Маркел бежал по чуть приметному зимнику, извилисто петлявшему руслом Тартаса. Жесткий снег по-поросячьи визжал под сапогами, — казалось, слышно было на десяток верст. Луна скрылась за черной зубчатой стеною тайги, стало темно.
Дорога пошла на угор, поднялась на берег. В этом месте река делала большую излуку, и путь спрямили берегом. Слева смутно замерцала большая голая поляна, которую Тартас обвивал с трех сторон. Она называлась Ермаковым полем.

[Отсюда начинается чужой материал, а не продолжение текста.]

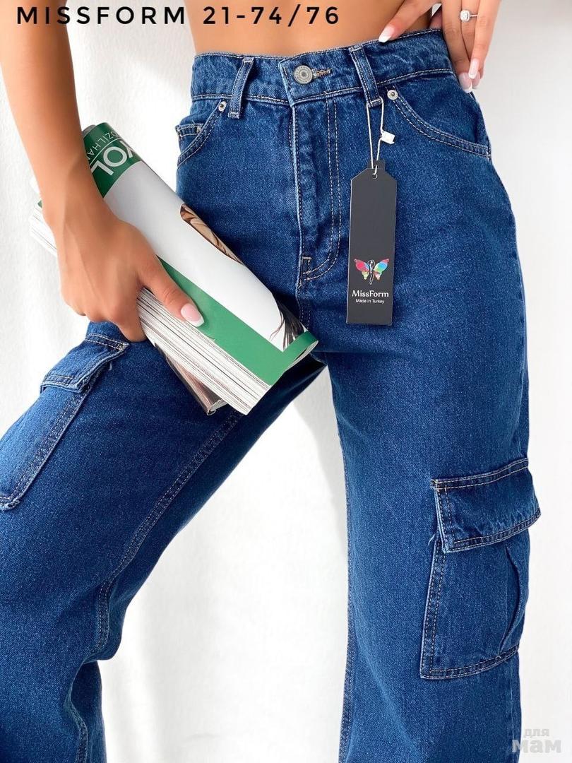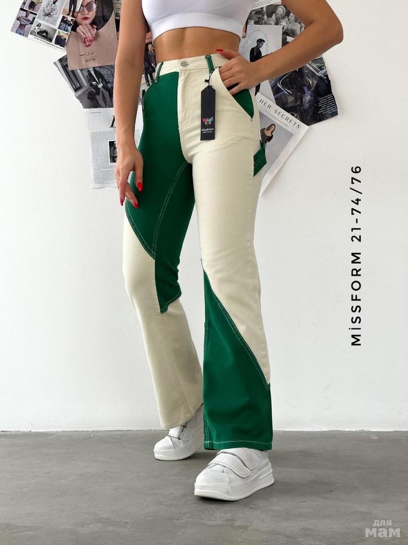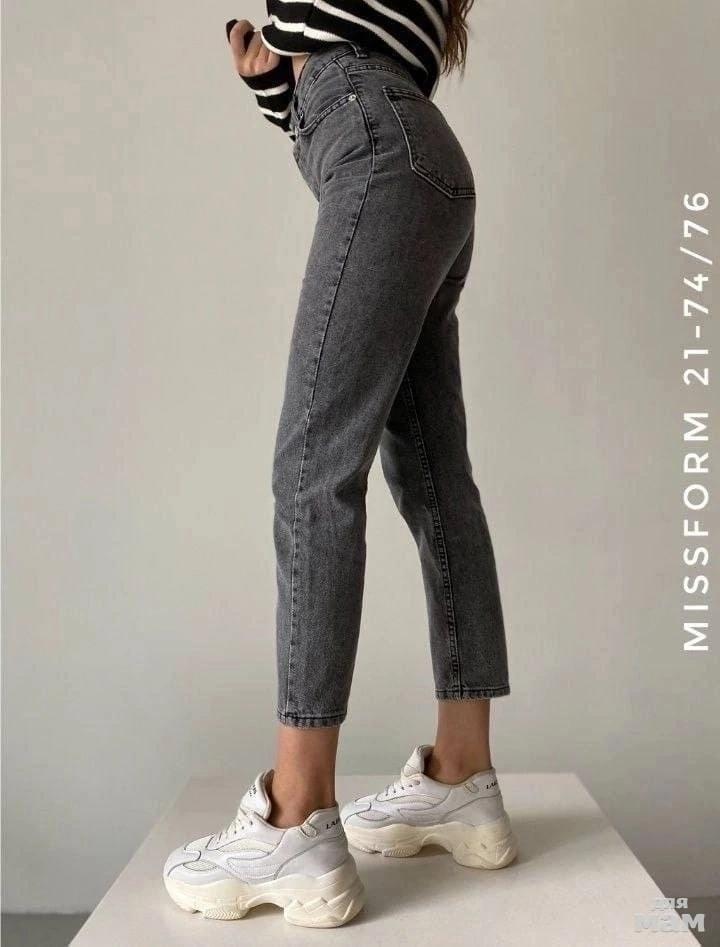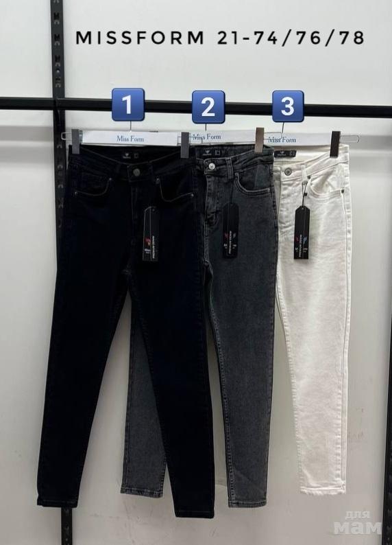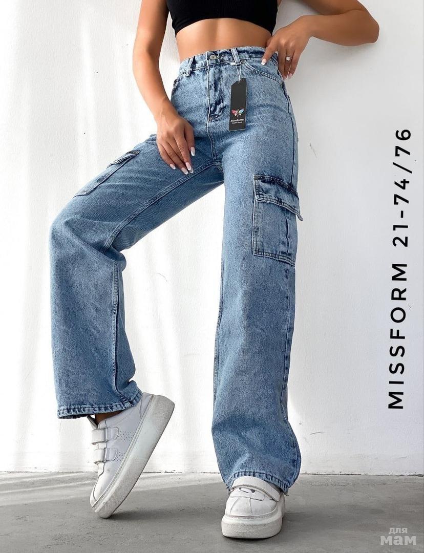 Получили джинсы прямого кроя с прошивкой возле коленок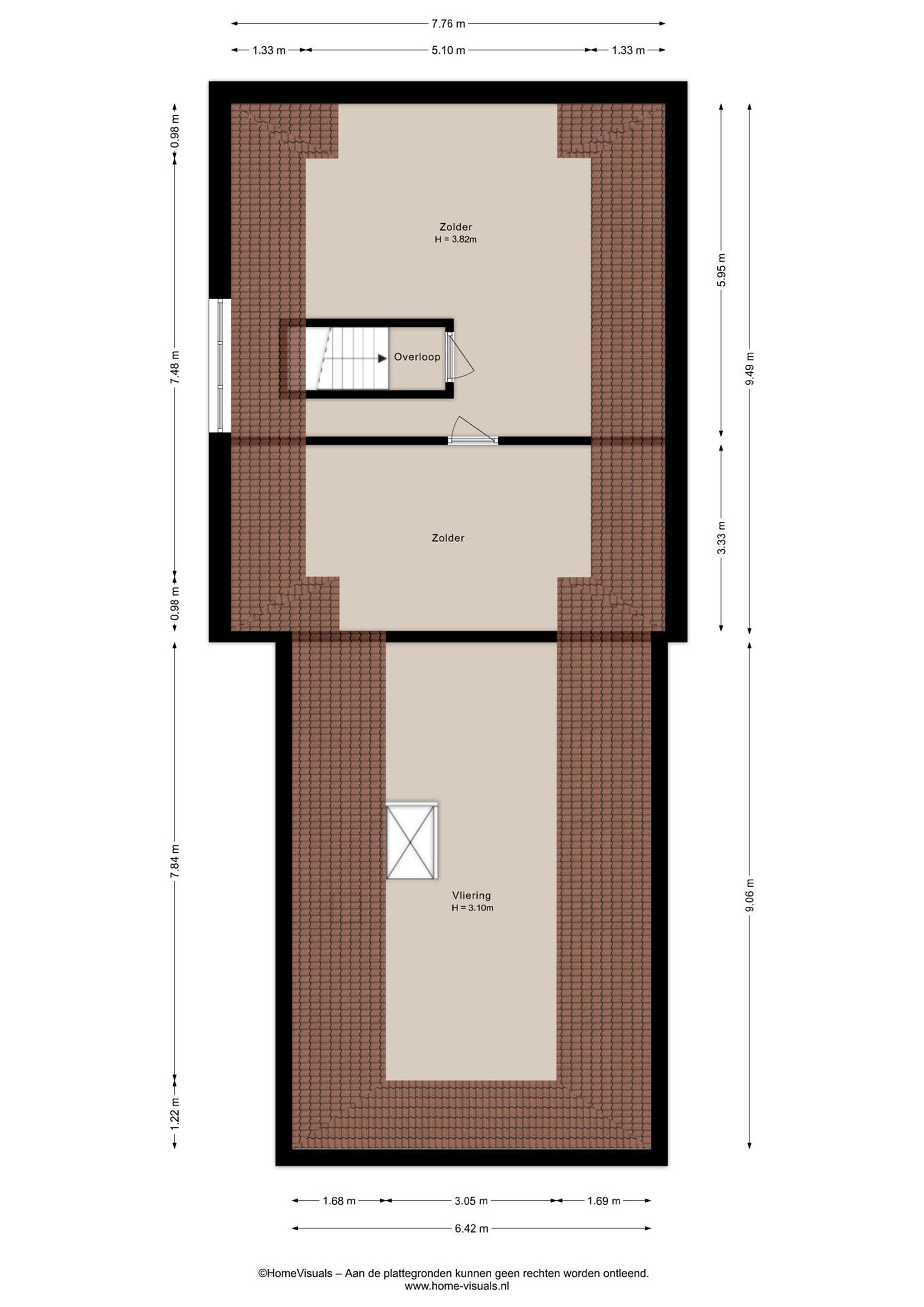 Middels vlizotrap op eerste verdieping bereikbare..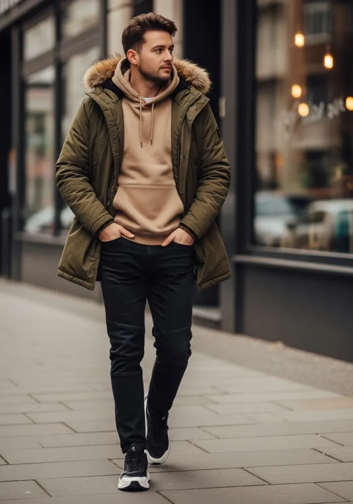 An olive parka is styled over a soft beige hoodie and paired with black jeans and casual sneakers. The layers feel relaxed and practical while still looking neat. The parka adds structure so the hoodie does not feel sloppy.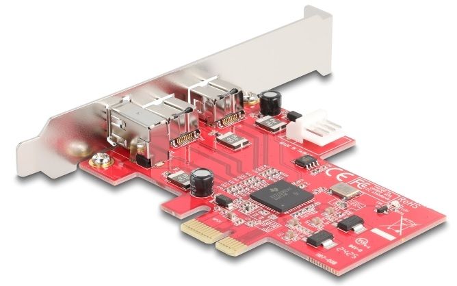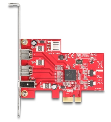 Tato PCI Express karta od Delocku rozšiřuje PC o dva externí FireWire 800 porty a jeden externí FireWire 400 port. Ke kartě pak mohou být připojena různá zařízení s portem FireWire, jako jsou externí disky, digitální kamery a fotoaparáty, adaptéry apod. Karta PCIe má integrovánu nativní čipovou sadu PCI Express, ne bridge čipovou sadu. Vnitřní konektor napájení Čtyřpinový konektor napájení na kartě lze použít tehdy, když mají zařízení FireWire vyšší požadavky na výkon. Za tímto účelem je v obsahu balení přiložen vhodný adaptér, který lze připojit k různým zdrojům napájení. Technické detaily Konektor: 2 x FireWire 800 1394B 9 pin 1 x FireWire 400 1394A 6 pin 1 x PCI Express x1, V1.1 1 x 4 pinový napájecí konektor Chipset: Texas Instruments XIO2213B Podporuje OHCI verze V1.0 a 1.1 Hot Swap, Plug & Play Systémové požadavky Linux Kernel 5.19 nebo vyšší Windows 10/10-64/11 Windows Server 2019 PC s volným PCI Express slotem Obsah balení Karta PCI Express Standardní záslepka Napájecí kabel Uživatelská příručka Balení Kartonová krabice |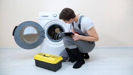 skilled repairman writes on clipboard checking broken washing machine on floor in room closeup

Из поколения в поколение передавалась легенда о том, что после гибели Ермака на Иртыше остатки его дружины бежали на ладьях вниз по реке, достигли устья Оми, а потом заплыли в Тартас и двинулись вверх, надеясь укрыться в тайге. Но татары гнались по берегу на конях, засыпали стрелами и как раз в этом месте, у крутой излучины, опередив медленно двигавшиеся против течения ладьи, сделали затор из поваленных деревьев. Казаки вынуждены были принять неравный бой — один дрался с дюжиной, — и почти все полегли под кривыми татарскими саблями. А тех, кто остался в живых, враги раздели донага и привязали к деревьям. И за одну ночь страшный таежный гнус высосал из них всю до капли кровь...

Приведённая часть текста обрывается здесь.